The following documentation may be helpful: https://developer.apple.com/library/content/documentation/Swift/Conceptual/BuildingCocoaApps/MixandMatch.html#//apple_ref/doc/uid/TP40014216-CH10-ID122. You've probably already looked at that, but just in case. The following question may also help: Extending a Swift class with Objective C category.

As you know, to use Objective-C code in Swift there is the bridging header. To go the other way around, there is the auto-generated *-Swift.h header that should be imported in .m (and .mm) implementation files. The documentation says it should not be imported into .h files. In fact, the compiler won't let you import it into a .h file that is included, directly or indirectly, in the bridging header. However, with some care you can import it into other .h files.
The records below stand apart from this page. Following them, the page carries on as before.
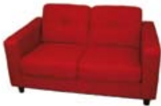
LG713 SOLO LOVESEAT Black, Red 57"Wx35"Dx33"H
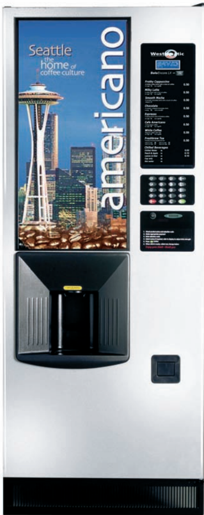
Kicker plate standard

Thanks to our innovative EASI-FIT machine graphics we can produce designs that perfectly compliment your own business needs and are unique to you!
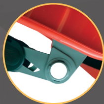
SWivEL feature for Twizloc harness ONLY
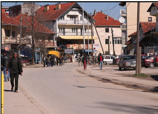
A Kosovo neighborhood

The cities, like Pristina the capital, were a mix of drab soviet-style apartments and administration buildings, sleek, modern offices and hotels, quaint old stone houses with red tile roofs, a scattering of ancient Roman and Byzantine edifices, and proud historic mosques and churches—some of them hundreds of years old.
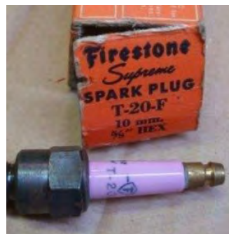
Firestone Spark Plug, Supreme Pink Polonium T-20-F, 10mm, 5/8 inch Hex
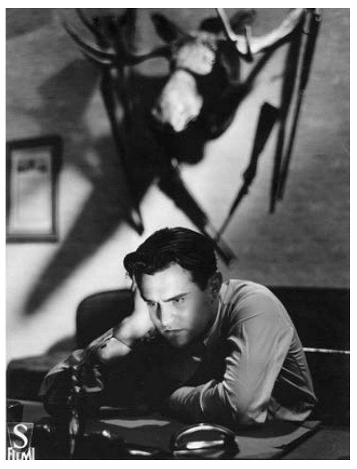
Fig. 27. Aarne as the man-in-crisis in The Women of Niskavuori 1938 (FFA).

The right-wing newspaper Ajan Suunta described Aarne through analogy to the "obscure and meaningless" male character in F. E. Sillanpää's "lousy piece of work", the novel Miehen tie (The Man's Path 1932). According to the reviewer, Aarne Niskavuori and Paavo Ahrola were "similar good-for-no-things".<sup>59</sup> This intertextual framework indicates a reading of The Women of Niskavuori in terms of the "vitalistic" discourses on gender and sexuality.<sup>60</sup> In Lasse Koskela's (1988, 150) reading of Sillanpää, "a man does not control his own path" and "the man does not understand it".<sup>61</sup> Instead, his own unconscious mental images and women are the two forces which determine his path. The title of the novel, which refers to the Old Testament, indeed offers manliness as a question of self and identity: Who or what determines "the
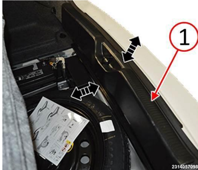
Fig. 3 Remove Trunk Trim Panel
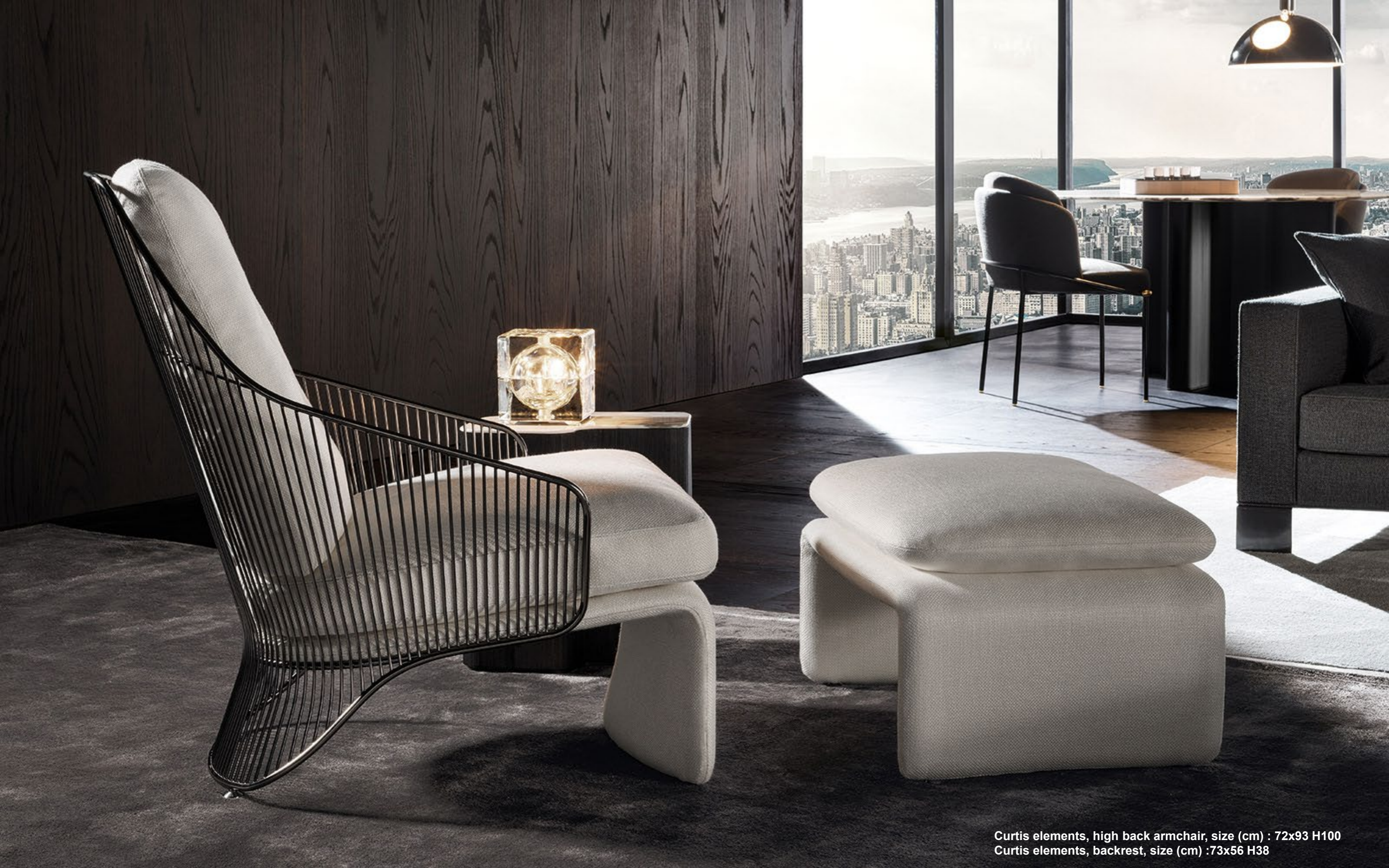
Curtis elements, high back armchair, size (cm) : 72x93 H100 Curtis elements, backrest, size (cm) : 73x56 H38
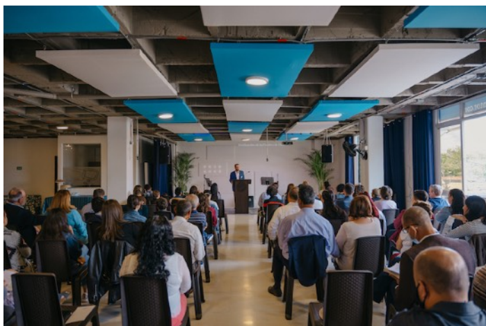
Lord's Day Worship - April 17, 2022
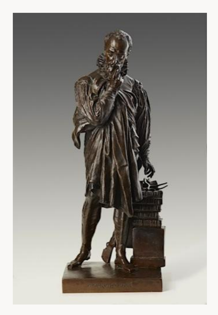
Fig. 14, David d'Angers, Ambroise Paré , 1840. Bronze. Collection Carol and Herbert Diamond. [return to text]
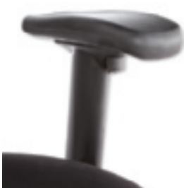
Arms adjust vertically, front-to-back and at angles.
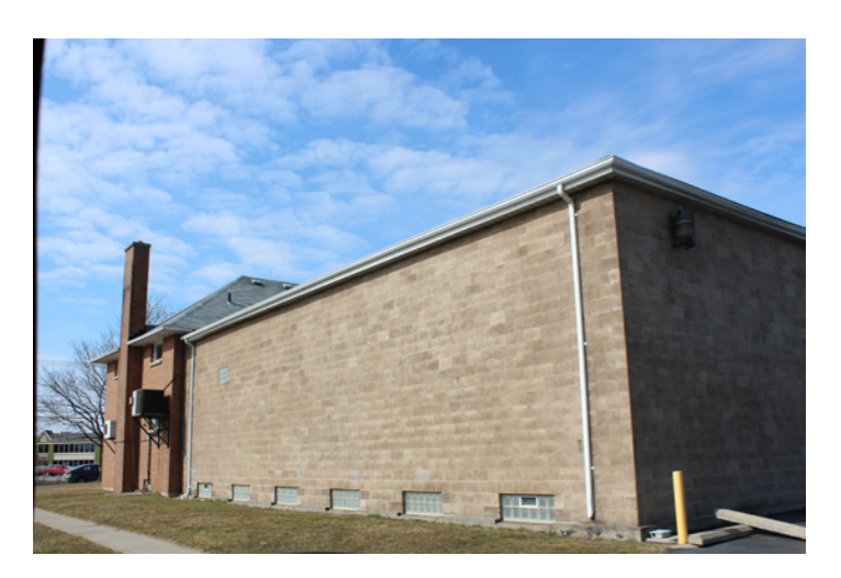
Blank walls don't encourage walking.
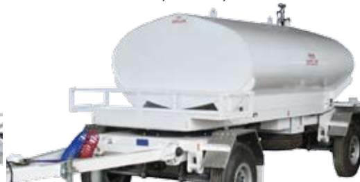
Dog trailers for diesel - reg'ble & unreg'ble
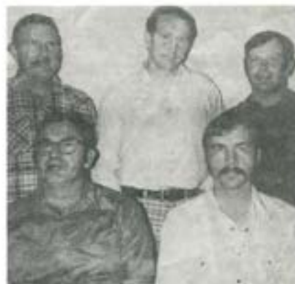
Figure 67 Officers for 1979
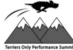
Terriers Only Performance Summit
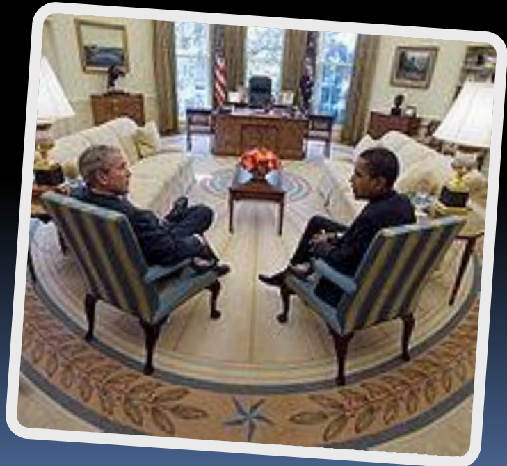
PRESIDENT-ELECT BARACK OBAMA (RIGHT) MEETS WITH CURRENT PRESIDENT GEORGE W. BUSH (LEFT) IN THE OVAL OFFICE, NOVEMBER 10, 2008.

Now, suppose your Swift class is called SwiftClass and you want to add to it a method called ocFunction() implemented in Objective-C. One approach, essentially presented in the aforementioned answer, is to implement a category in an Objective-C source file (.m):

@implementation SwiftClass (OCExtension)
-(void)ocFunction {...}
@end

Then modify your SwiftClass to include the following:

class SwiftClass : NSObject
{
...
    @nonobjc func ocFunction()
    {
        self.perform(Selector(("ocFunction")))
    }
...
}

The referenced answer suggests doing this in an extension, but since you have full control of the SwiftClass source, you can just do it in the class directly. BTW, the Objective-C category function could be named something other than the SwiftClass's function, thus eliminating the need for @nonobjc.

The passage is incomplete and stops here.